Information supplied:
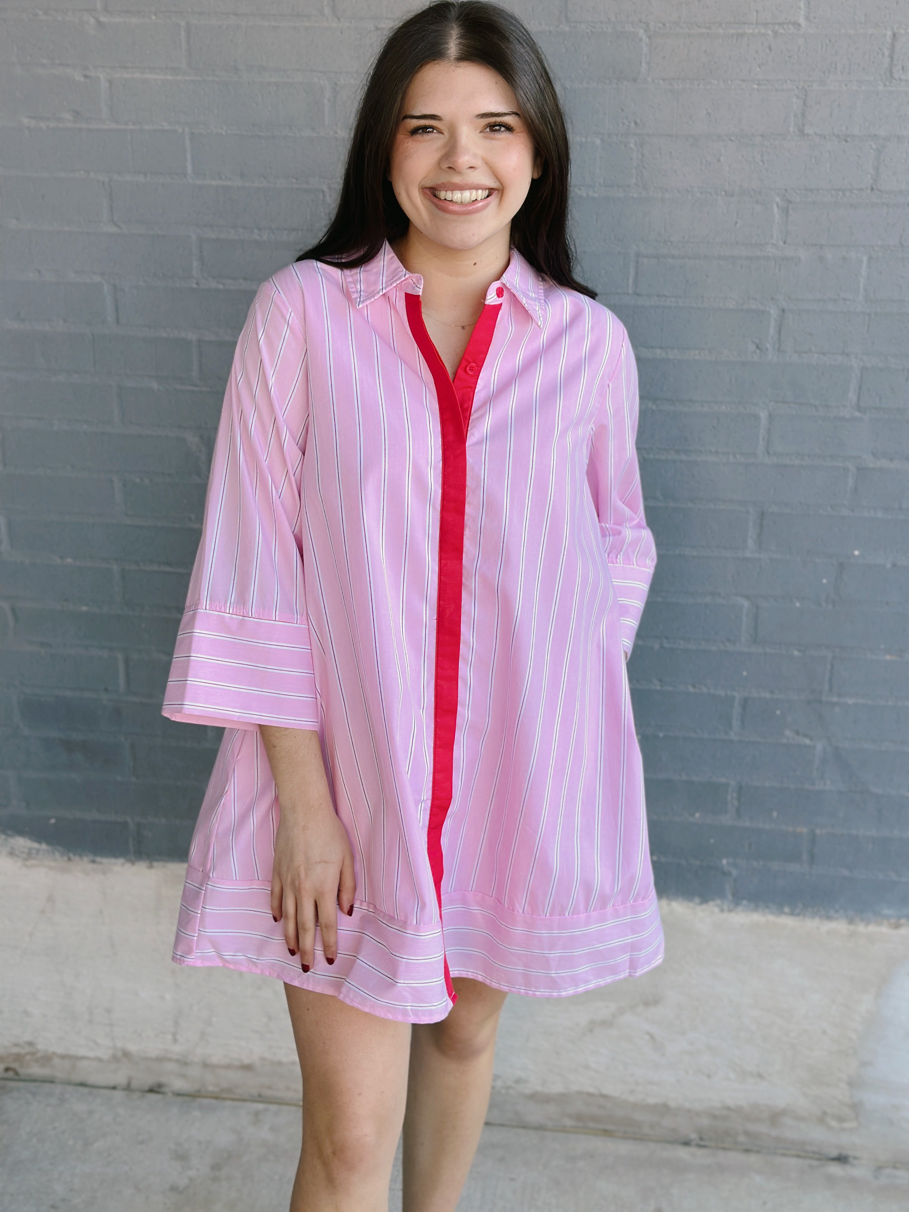The Callum Dress is your new go-to for effortless charm. This fun and flirty pink number features a crisp collared neckline that adds a touch of preppy polish to its playful vibe.
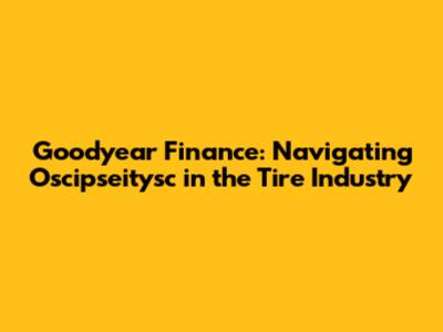 Goodyear Finance: Navigating Oscipseitysc In Tire Industry
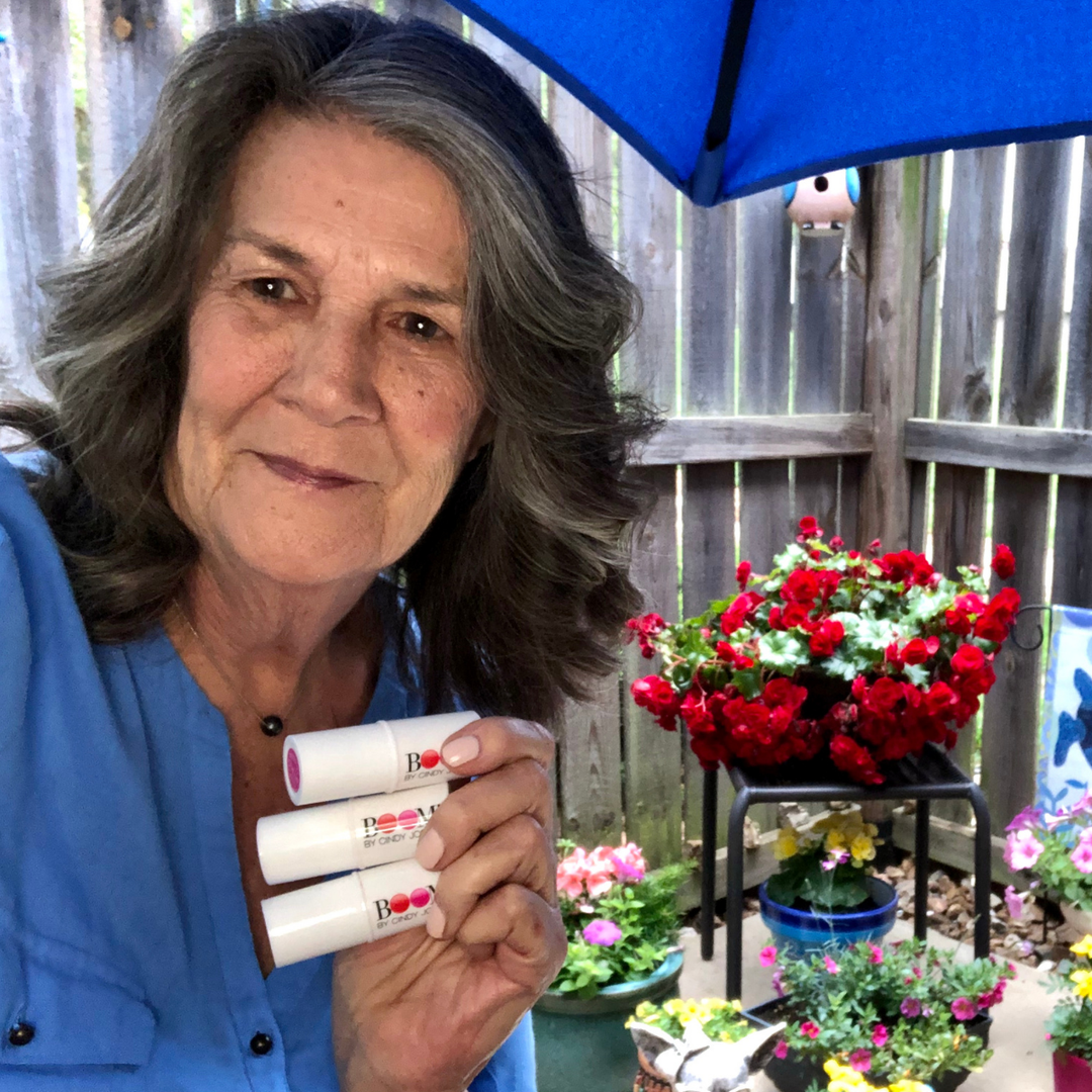 Jan uses Boomstick Glo for moisturizing around her nose, eyes and mouth—all the places on her face that tend to dry out during the day.
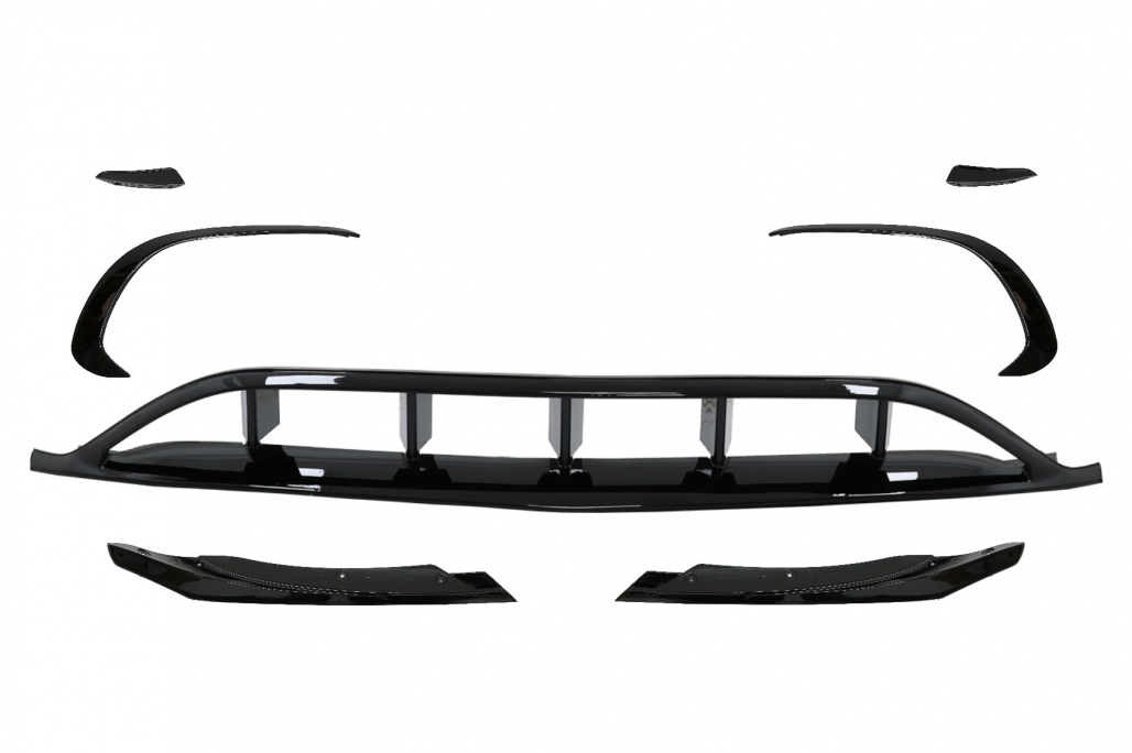 Front Bumper Splitters Fins Aero with Central Grille suitable for Mercedes A-Class W176 Facelift Sport Line (09.2015-2018) Piano Black

Task brief: The lines to write out run from the one containing "Goodyear Finance: Navigating" through the final line of the material above, both included; write them out exactly, with no pictures.

Result of the exercise:
 Goodyear Finance: Navigating Oscipseitysc In Tire Industry
 Jan uses Boomstick Glo for moisturizing around her nose, eyes and mouth—all the places on her face that tend to dry out during the day.
 Front Bumper Splitters Fins Aero with Central Grille suitable for Mercedes A-Class W176 Facelift Sport Line (09.2015-2018) Piano Black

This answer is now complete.